Rheumatoid arthritis (RA) is a chronic inflammatory disease characterized by persistent joint inflammation, systemic inflammation, and immunological abnormalities. Because cytokines such as tumor necrosis factor (TNF)-α and interleukin (IL)-6 play a major role in the development of RA, their targeting could constitute a reasonable novel therapeutic strategy for treating RA. Indeed, worldwide clinical trials of TNF inhibiting biologic disease modifying antirheumatic drugs (bDMARDs) including infliximab, Adalimumab, golimumab, certolizumab pegol, and etanercept as well as the humanized anti-human IL-6 receptor antibody, tocilizumab, have demonstrated outstanding clinical efficacy and tolerable safety profiles, resulting in worldwide approval for using these bDMARDs to treat moderate to severe active RA in patients with an inadequate response to synthetic disease modifying antirheumatic drugs (sDMARDs). Although bDMARDs have elicited to a paradigm shift in the treatment of RA due to the prominent efficacy that had not been previously achieved by sDMARDs, a substantial percentage of patients failed primary or secondary responses to bDMARD therapy. Because RA is a heterogeneous disease in which TNF-α and IL-6 play overlapping but distinct pathological roles, further studies are required to determine the best use of TNF inhibitors and tocilizumab in individual RA patients.
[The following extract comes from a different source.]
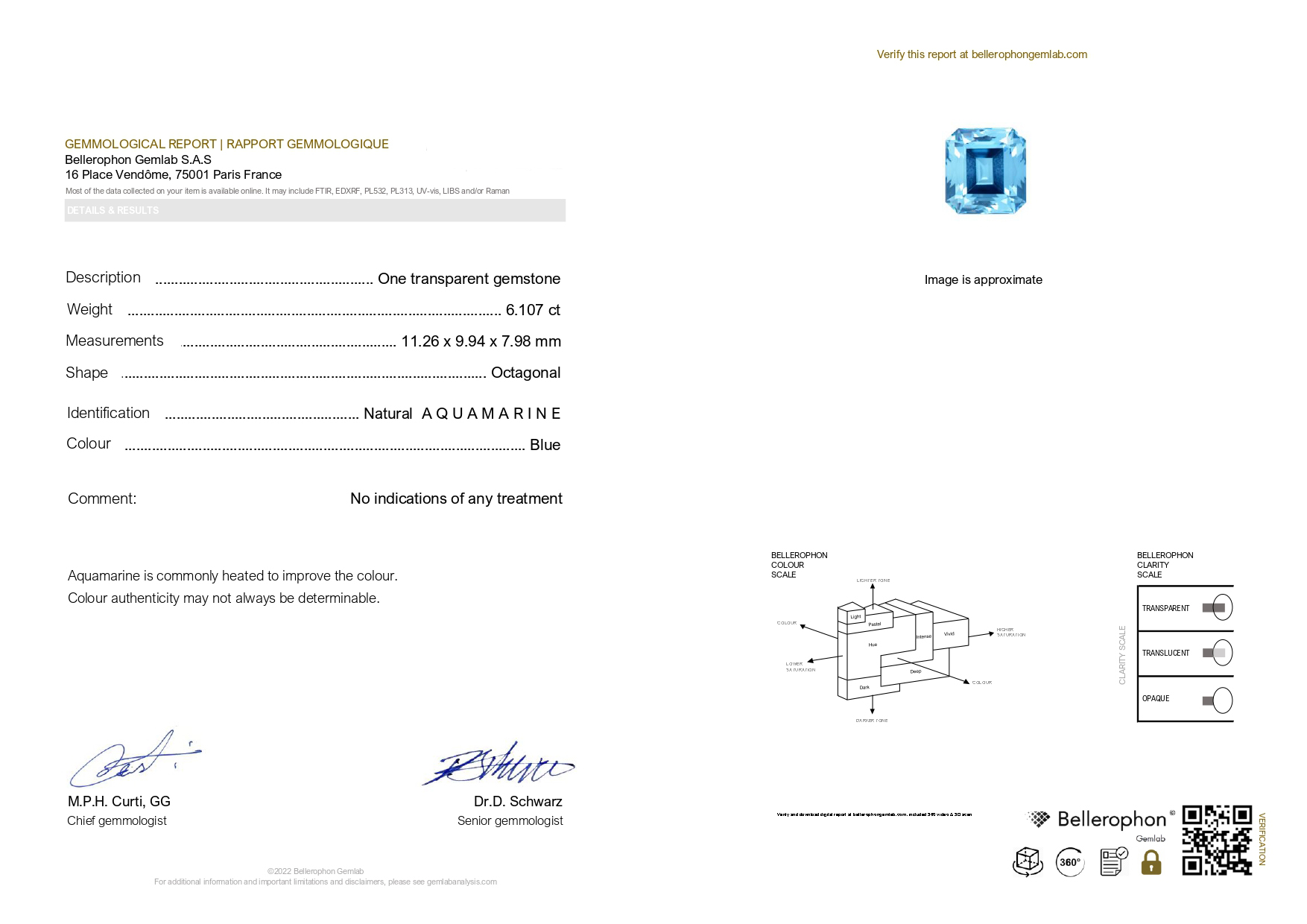 - Аквамарин - Количество: 1, Форма: «Октагон», Вес: 6.100 ct.

Formatted anti-tumor necrosis factor alpha VHH proteins derived from camelids show superior potency and targeting to inflamed joints in a murine model of collagen-induced arthritis

Arthritis Rheum 2006 Jun;54(6):1856-66.PMID:16736523DOI:10.1002/art.21827.
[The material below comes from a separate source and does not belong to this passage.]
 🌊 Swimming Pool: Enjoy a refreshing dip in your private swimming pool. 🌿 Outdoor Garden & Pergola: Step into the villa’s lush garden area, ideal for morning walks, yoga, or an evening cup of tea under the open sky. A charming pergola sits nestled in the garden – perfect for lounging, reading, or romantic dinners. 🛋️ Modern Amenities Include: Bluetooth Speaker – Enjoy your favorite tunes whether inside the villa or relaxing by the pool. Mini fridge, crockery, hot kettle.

Objective: The advent of tumor necrosis factor (TNF)-blocking drugs has provided rheumatologists with an effective, but highly expensive, treatment for the management of established rheumatoid arthritis (RA). Our aim was to explore preclinically the application of camelid anti-TNF VHH proteins, which are single-domain antigen binding (VHH) proteins homologous to human immunoglobulin V(H) domains, as TNF antagonists in a mouse model of RA. Methods: Llamas were immunized with human and mouse TNF, and antagonistic anti-TNF VHH proteins were isolated and cloned for bacterial production. The resulting anti-TNF VHH proteins were recombinantly linked to yield bivalent mouse and human TNF-specific molecules. To increase the serum half-life and targeting properties, an anti-serum albumin anti-TNF VHH domain was incorporated into the bivalent molecules. The TNF-neutralizing potential was analyzed in vitro. Mouse TNF-specific molecules were tested in a therapeutic protocol in murine collagen-induced arthritis (CIA). Disease progression was evaluated by clinical scoring and histologic evaluation. Targeting properties were evaluated by 99mTc labeling and gamma camera imaging. Results: The bivalent molecules were up to 500 times more potent than the monovalent molecules. The antagonistic potency of the anti-human TNF VHH proteins exceeded even that of the anti-TNF antibodies infliximab and Adalimumab that are used clinically in RA. Incorporation of binding affinity for albumin into the anti-TNF VHH protein significantly prolonged its serum half-life and promoted its targeting to inflamed joints in the murine CIA model of RA. This might explain the excellent therapeutic efficacy observed in vivo. Conclusion: These data suggest that because of the flexibility of their format, camelid anti-TNF VHH proteins can be converted into potent therapeutic agents that can be produced and purified cost-effectively.